= WORK INSTRUCTION =
Skip the pictures. Give all the data again exactly.

= GIVEN DATA =
_ _ _ _ _ _ _

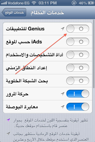 خدمة Genius تقوم بمتابعة ما تقوم بمشاهدته وشراءه من التطبيقات وحتى تحركك لتظهر لك تطبيقات تتناسب مع موقعك الحالي أو الأماكن التي تزورها والتطبيقات التي تستخدمها لكن هذا يؤثر سلباً على السرعة فإن كنت تعانى من تلك المشكلة قم بإغلاق خدمة الجينيس. عن طريق اتباع الخطوات التالية :
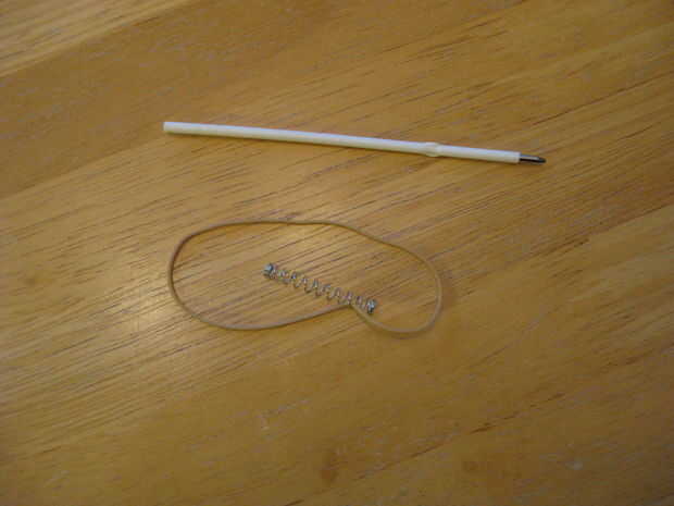 bueno este es mi segundo instructivo y mostrará usted cómo hacer una pluma arco y la flecha que dispara más de 30 pies y bastante precisa también. Lo que se necesita son: un lápiz, tijeras, una banda de caucho y algo para hacer un orificio a través d
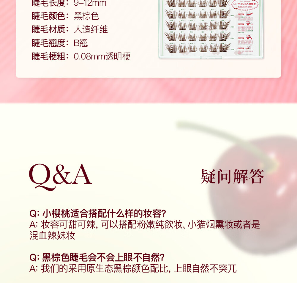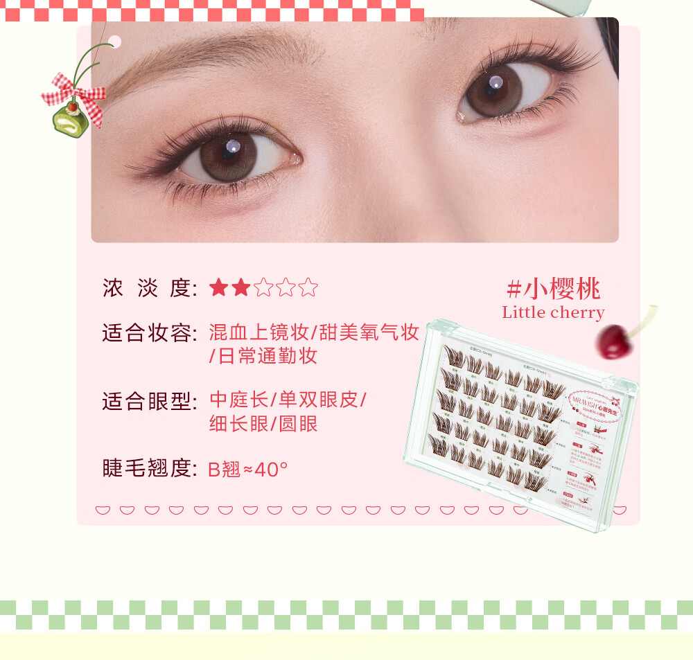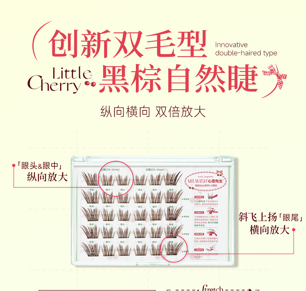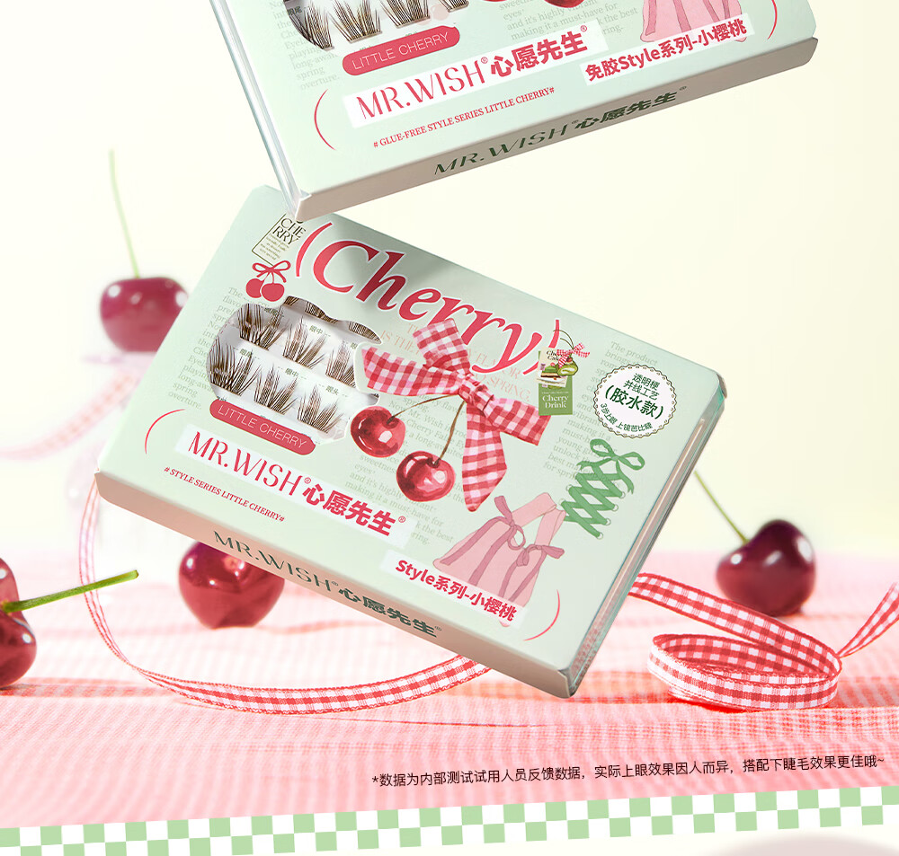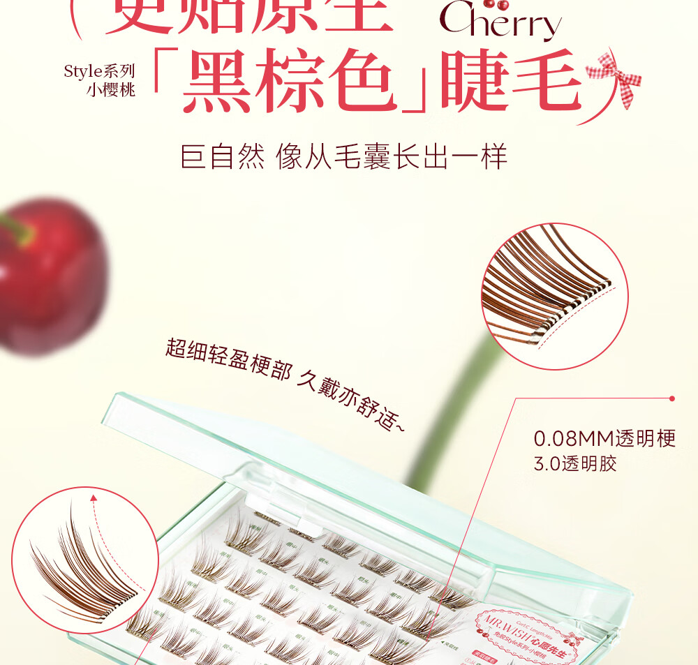 Mr. Wish's glue-free small cherry false eyelashes glue natural simulation diagonal flying up black brown eyelashes fox style glue-free small cherry
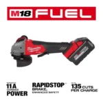 The MILWAUKEE M18 FUEL 4-1/2″ / 5″ Braking Grinder Paddle Switch, No Lock is the next advancement in power & performance, generating 11A corded power, fastest cutting, & delivering up to 135 cuts per charge. The M18 FUEL 4-1/2″ / 5″ Braking Grinder generates 11A corded power allowing you to complete the toughest grinding & cutting applications, all on the M18 Cordless System. The POWERSTATE Brushless Motor delivers maximum sustained power & 8,500 RPM to remove material faster & increase productivity. REDLINK PLUS Intelligence ensures unmatched levels of performance, protection, & compatibility. The RAPIDSTOP Brake provides stop times under two seconds with an abrasive disc. The M18 FUEL 4-1/2″ / 5″ Braking Grinder includes an electronic clutch for kickback protection, as well as overload protection to maximize motor life. The included M18 REDLITHIUM FORGE XC6.0 Battery Pack delivers you HIGH OUTPUT HD12.0 power in a smaller size to tackle the most demanding applications & provides you more work over the life of the pack. REDLITHIUM FORGE is Milwaukee’s MOST POWERFUL, FASTEST CHARGING, & LONGEST LIFE battery, which is fully compatible with the M18 system. With tool-free accessory & guard adjustments, you will experience faster accessory changes, & less downtime, while remaining fully compatible with the most common accessories in the market. The MILWAUKEE M18 FUEL 4-1/2″ / 5″ Braking Grinder takes cordless grinders to the next level in performance & run-time.
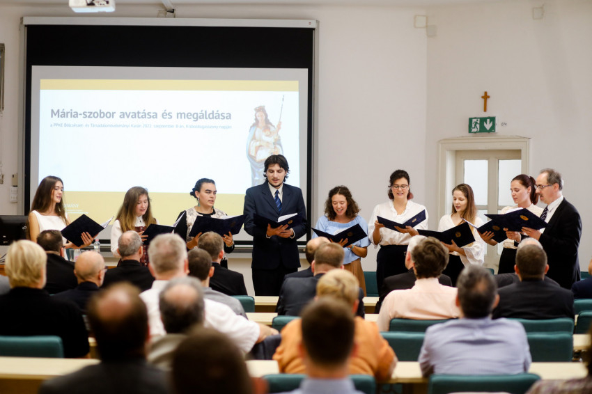 Intézményeinkből sem hiányozhatnak a kápolnák, a feszületek, a szobrok, hitünk nagy misztériumainak, alakjainak művészi ábrázolásai. „Most, amikor Mária-szobrot készülünk avatni, emlékeztessen bennünket ez a szobor – valahányszor csak elmegyünk mellette – katolikus hitünk központi alakjára, Krisztus Urunkra, és arra is, hogy Mária által kaptuk őt. Emlékeztessen arra is, hogy Ő nekünk, magyaroknak nagy támogatónk. Mária minden édesanya felülmúlhatatlan példaképe, és jusson eszünkbe az is: a gyermekek olyat kapnak a jó szülőktől, amit meg nem szolgálhatnak, cserébe amit adhatnak, az a kegyelet, a tiszteletteljes szeretet és a hála” – fogalmazott a rektor.
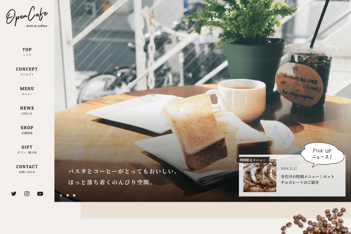 スクールの卒業制作課題として、カフェ『Open Cafe』のホームページをWordPressで実装しました。
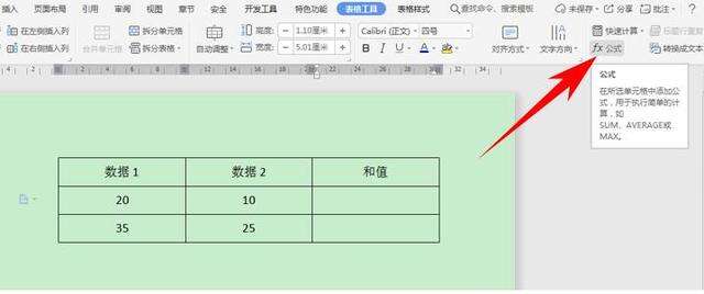 在表格当中插入数据,首先我们先计算两数之和,单击工具栏【表格工具】下的【fx公式】,如下图所示:

_ _ _ _ _ _ _

= WRITTEN SOLUTION =
 خدمة Genius تقوم بمتابعة ما تقوم بمشاهدته وشراءه من التطبيقات وحتى تحركك لتظهر لك تطبيقات تتناسب مع موقعك الحالي أو الأماكن التي تزورها والتطبيقات التي تستخدمها لكن هذا يؤثر سلباً على السرعة فإن كنت تعانى من تلك المشكلة قم بإغلاق خدمة الجينيس. عن طريق اتباع الخطوات التالية :
 bueno este es mi segundo instructivo y mostrará usted cómo hacer una pluma arco y la flecha que dispara más de 30 pies y bastante precisa también. Lo que se necesita son: un lápiz, tijeras, una banda de caucho y algo para hacer un orificio a través d
 Mr. Wish's glue-free small cherry false eyelashes glue natural simulation diagonal flying up black brown eyelashes fox style glue-free small cherry
 The MILWAUKEE M18 FUEL 4-1/2″ / 5″ Braking Grinder Paddle Switch, No Lock is the next advancement in power & performance, generating 11A corded power, fastest cutting, & delivering up to 135 cuts per charge. The M18 FUEL 4-1/2″ / 5″ Braking Grinder generates 11A corded power allowing you to complete the toughest grinding & cutting applications, all on the M18 Cordless System. The POWERSTATE Brushless Motor delivers maximum sustained power & 8,500 RPM to remove material faster & increase productivity. REDLINK PLUS Intelligence ensures unmatched levels of performance, protection, & compatibility. The RAPIDSTOP Brake provides stop times under two seconds with an abrasive disc. The M18 FUEL 4-1/2″ / 5″ Braking Grinder includes an electronic clutch for kickback protection, as well as overload protection to maximize motor life. The included M18 REDLITHIUM FORGE XC6.0 Battery Pack delivers you HIGH OUTPUT HD12.0 power in a smaller size to tackle the most demanding applications & provides you more work over the life of the pack. REDLITHIUM FORGE is Milwaukee’s MOST POWERFUL, FASTEST CHARGING, & LONGEST LIFE battery, which is fully compatible with the M18 system. With tool-free accessory & guard adjustments, you will experience faster accessory changes, & less downtime, while remaining fully compatible with the most common accessories in the market. The MILWAUKEE M18 FUEL 4-1/2″ / 5″ Braking Grinder takes cordless grinders to the next level in performance & run-time.
 Intézményeinkből sem hiányozhatnak a kápolnák, a feszületek, a szobrok, hitünk nagy misztériumainak, alakjainak művészi ábrázolásai. „Most, amikor Mária-szobrot készülünk avatni, emlékeztessen bennünket ez a szobor – valahányszor csak elmegyünk mellette – katolikus hitünk központi alakjára, Krisztus Urunkra, és arra is, hogy Mária által kaptuk őt. Emlékeztessen arra is, hogy Ő nekünk, magyaroknak nagy támogatónk. Mária minden édesanya felülmúlhatatlan példaképe, és jusson eszünkbe az is: a gyermekek olyat kapnak a jó szülőktől, amit meg nem szolgálhatnak, cserébe amit adhatnak, az a kegyelet, a tiszteletteljes szeretet és a hála” – fogalmazott a rektor.
 スクールの卒業制作課題として、カフェ『Open Cafe』のホームページをWordPressで実装しました。
 在表格当中插入数据,首先我们先计算两数之和,单击工具栏【表格工具】下的【fx公式】,如下图所示:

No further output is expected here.